***** Data to process

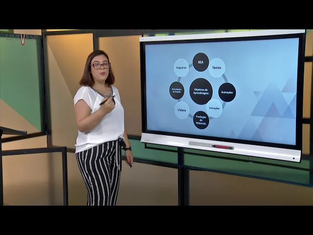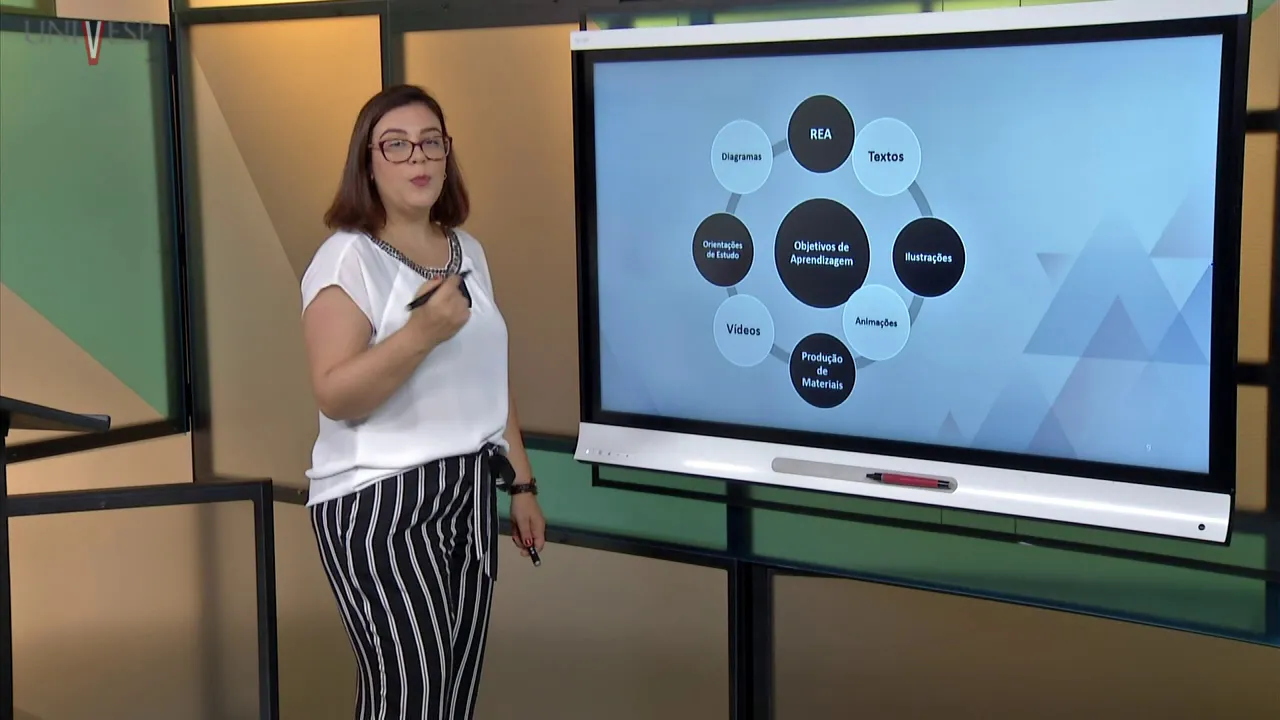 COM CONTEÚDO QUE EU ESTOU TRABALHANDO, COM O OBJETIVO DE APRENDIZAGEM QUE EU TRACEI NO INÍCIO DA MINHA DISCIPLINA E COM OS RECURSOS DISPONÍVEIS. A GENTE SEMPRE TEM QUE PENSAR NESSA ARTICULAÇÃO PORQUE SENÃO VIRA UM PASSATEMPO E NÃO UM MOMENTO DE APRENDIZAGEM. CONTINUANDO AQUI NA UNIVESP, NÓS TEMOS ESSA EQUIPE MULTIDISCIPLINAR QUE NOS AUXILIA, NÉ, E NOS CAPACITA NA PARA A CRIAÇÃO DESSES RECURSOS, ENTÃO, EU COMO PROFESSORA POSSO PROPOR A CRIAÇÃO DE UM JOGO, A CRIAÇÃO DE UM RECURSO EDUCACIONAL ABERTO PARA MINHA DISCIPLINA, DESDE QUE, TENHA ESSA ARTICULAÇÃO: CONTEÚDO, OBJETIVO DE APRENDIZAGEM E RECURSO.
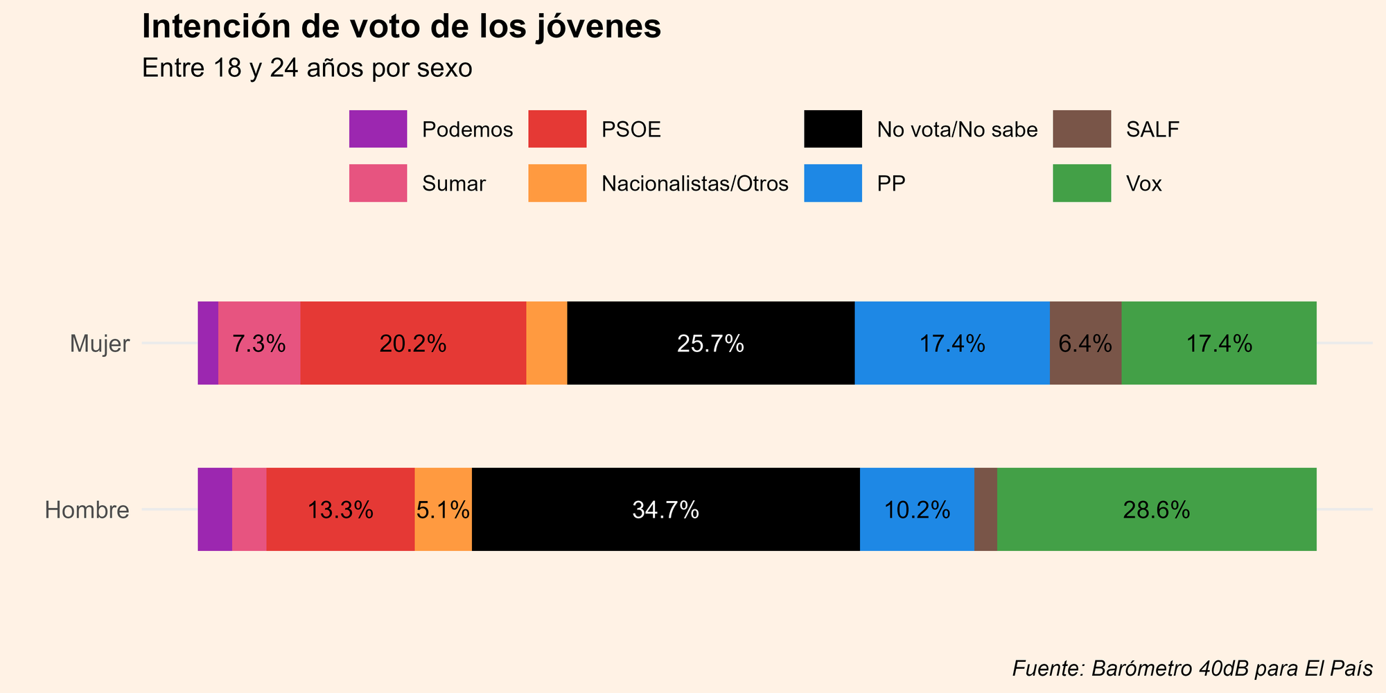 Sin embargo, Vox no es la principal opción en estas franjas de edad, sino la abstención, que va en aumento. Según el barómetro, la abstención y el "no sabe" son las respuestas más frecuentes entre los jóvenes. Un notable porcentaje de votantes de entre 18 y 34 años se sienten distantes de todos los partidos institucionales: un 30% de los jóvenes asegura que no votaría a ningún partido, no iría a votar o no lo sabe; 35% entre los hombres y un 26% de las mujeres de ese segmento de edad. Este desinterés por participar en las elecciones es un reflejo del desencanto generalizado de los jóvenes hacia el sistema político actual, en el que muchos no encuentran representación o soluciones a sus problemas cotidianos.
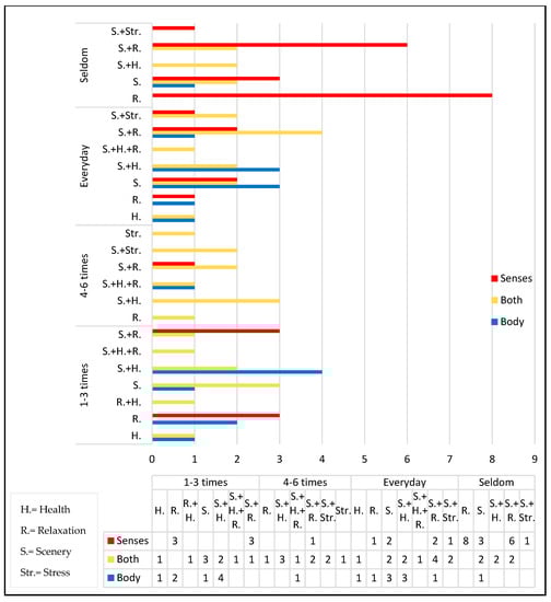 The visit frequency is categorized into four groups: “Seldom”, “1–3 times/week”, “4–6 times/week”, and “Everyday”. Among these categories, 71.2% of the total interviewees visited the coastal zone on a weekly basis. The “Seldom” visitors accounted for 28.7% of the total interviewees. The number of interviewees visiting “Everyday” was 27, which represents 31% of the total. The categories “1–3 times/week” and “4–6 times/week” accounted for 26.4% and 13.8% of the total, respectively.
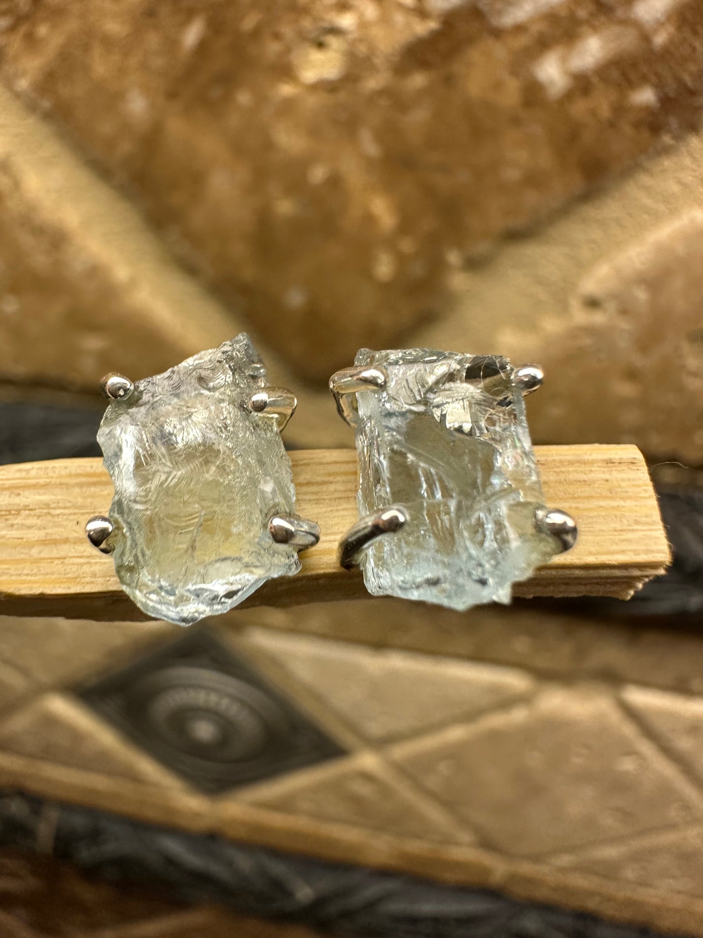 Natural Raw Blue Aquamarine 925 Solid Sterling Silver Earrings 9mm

**********
***** Data to process

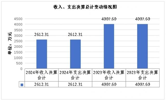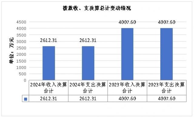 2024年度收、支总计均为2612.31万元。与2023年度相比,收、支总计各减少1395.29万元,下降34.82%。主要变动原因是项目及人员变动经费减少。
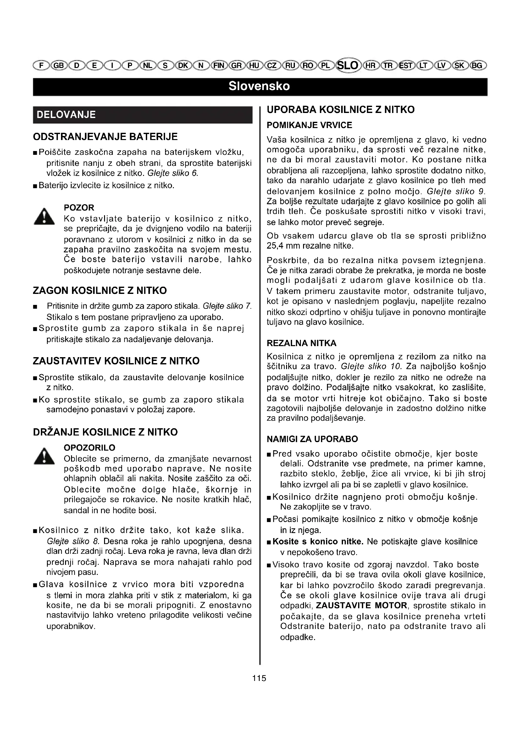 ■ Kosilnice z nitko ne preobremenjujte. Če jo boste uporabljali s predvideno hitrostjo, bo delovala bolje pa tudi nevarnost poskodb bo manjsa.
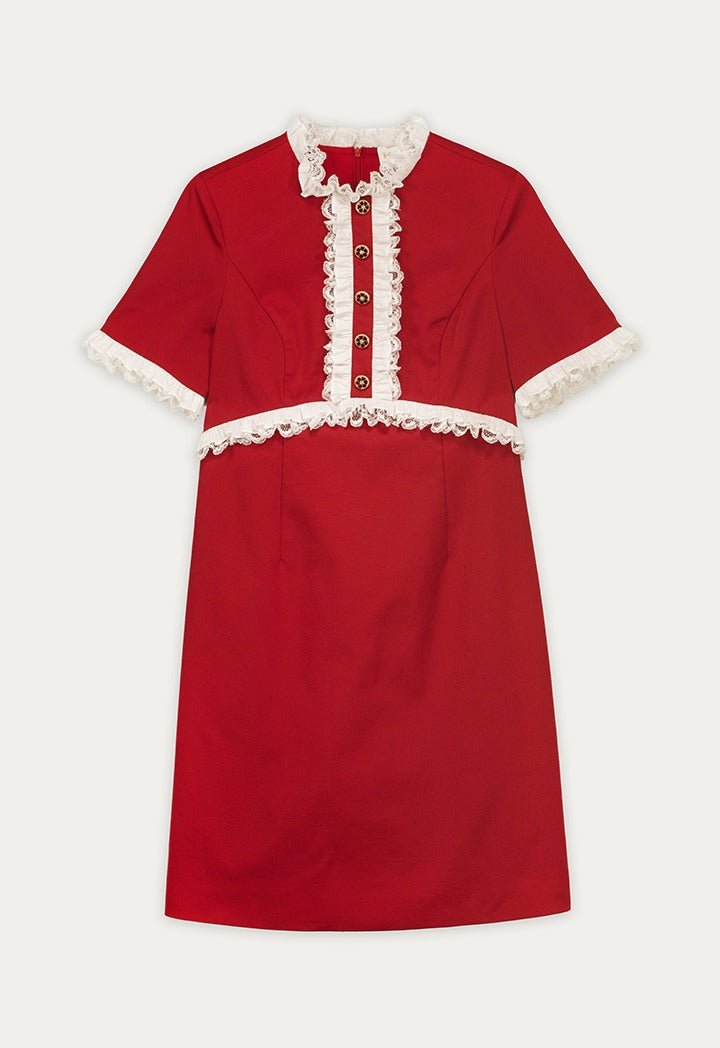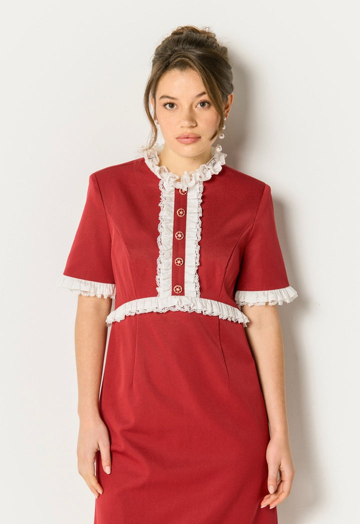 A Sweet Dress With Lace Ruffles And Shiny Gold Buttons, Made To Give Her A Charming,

**********

With pictures excluded, reproduce exactly the lines above from the one containing "COM CONTEÚDO QUE" down to the one containing "Sin embargo, Vox", those two included.

 COM CONTEÚDO QUE EU ESTOU TRABALHANDO, COM O OBJETIVO DE APRENDIZAGEM QUE EU TRACEI NO INÍCIO DA MINHA DISCIPLINA E COM OS RECURSOS DISPONÍVEIS. A GENTE SEMPRE TEM QUE PENSAR NESSA ARTICULAÇÃO PORQUE SENÃO VIRA UM PASSATEMPO E NÃO UM MOMENTO DE APRENDIZAGEM. CONTINUANDO AQUI NA UNIVESP, NÓS TEMOS ESSA EQUIPE MULTIDISCIPLINAR QUE NOS AUXILIA, NÉ, E NOS CAPACITA NA PARA A CRIAÇÃO DESSES RECURSOS, ENTÃO, EU COMO PROFESSORA POSSO PROPOR A CRIAÇÃO DE UM JOGO, A CRIAÇÃO DE UM RECURSO EDUCACIONAL ABERTO PARA MINHA DISCIPLINA, DESDE QUE, TENHA ESSA ARTICULAÇÃO: CONTEÚDO, OBJETIVO DE APRENDIZAGEM E RECURSO.
 Sin embargo, Vox no es la principal opción en estas franjas de edad, sino la abstención, que va en aumento. Según el barómetro, la abstención y el "no sabe" son las respuestas más frecuentes entre los jóvenes. Un notable porcentaje de votantes de entre 18 y 34 años se sienten distantes de todos los partidos institucionales: un 30% de los jóvenes asegura que no votaría a ningún partido, no iría a votar o no lo sabe; 35% entre los hombres y un 26% de las mujeres de ese segmento de edad. Este desinterés por participar en las elecciones es un reflejo del desencanto generalizado de los jóvenes hacia el sistema político actual, en el que muchos no encuentran representación o soluciones a sus problemas cotidianos.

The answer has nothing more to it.